• EN
  • 3 questions for …

    Tobias Pfingsten

    As the share of green energies grows, fluctuations in the power grids also increase, because wind and sun are not available as a reliable source of energy around the clock. In collaboration with the Fraunhofer Institute for Algorithms and Scientific Computing (SCAI), STEAG's Trading business unit has developed an approach that can be used to bundle and efficiently optimize decentralized green power generation portfolios and storage systems.

    Tobias Pfingsten (45) heads the Quantitative Methods & Trading Systems department in STEAG's Trading division. He studied physics and completed his doctorate on the subject of machine learning at the Max Planck Institute for Intelligent Systems in Tübingen. He has been working in the energy sector for more than 15 years, among others for RWE and the Boston Consulting Group. Since 2018, Tobias Pfingsten has been in the service of STEAG, where he is responsible in particular for the further development of systems and models for trading and plant optimization.

    How did the collaboration between STEAG and SCAI and the joint solution that is now available come about?
    SCAI has a high level of expertise, particularly in the optimization of energy systems and artificial intelligence. In addition, we have already had good experience of cooperation in the past.

    What advantages does the approach developed by STEAG and SCAI offer customers?
    Our most important concern was to create a solution with which our Trading business unit can optimally manage decentralized assets. The prerequisite for this is that, on the one hand, the specific technical framework conditions at the respective customer are met. At the same time, however, our trading specialists must be able to optimally manage a large number of diverse assets.

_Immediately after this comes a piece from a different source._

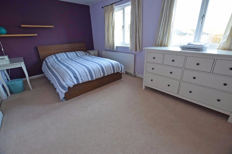 MASTER BEDROOM – Large bright and airy double room with dual aspect windows overlooking the front of the property. Two built-in wardrobes with mirror sliding doors, provide excellent storage facilities. Carpeted. TV point; telephone point. Radiator. Door to EN SUITE SHOWER ROOM with white suite and large shower cubicle. Wash hand basin built into vanity unit for extra storage. Radiator.

    One example of this is the optimization of local combined heat and power plants in conjunction with heat storage facilities depending on the current demand for heat and electricity.

    The advantage of our solution is its modular structure. This allows us to respond quickly to market changes and new customer requirements and to adapt our operational processes accordingly.

    Of particular interest to customers is the fact that our solution uses artificial intelligence (AI) to enable further optimization even in the face of high market uncertainty.

    Can you already identify any trends with regard to the further development of the market and portfolio management systems?
    Of course, everyone is talking about AI at the moment. From our point of view, such approaches will not replace classical optimization, but they can offer a good supplement, especially in electricity trading.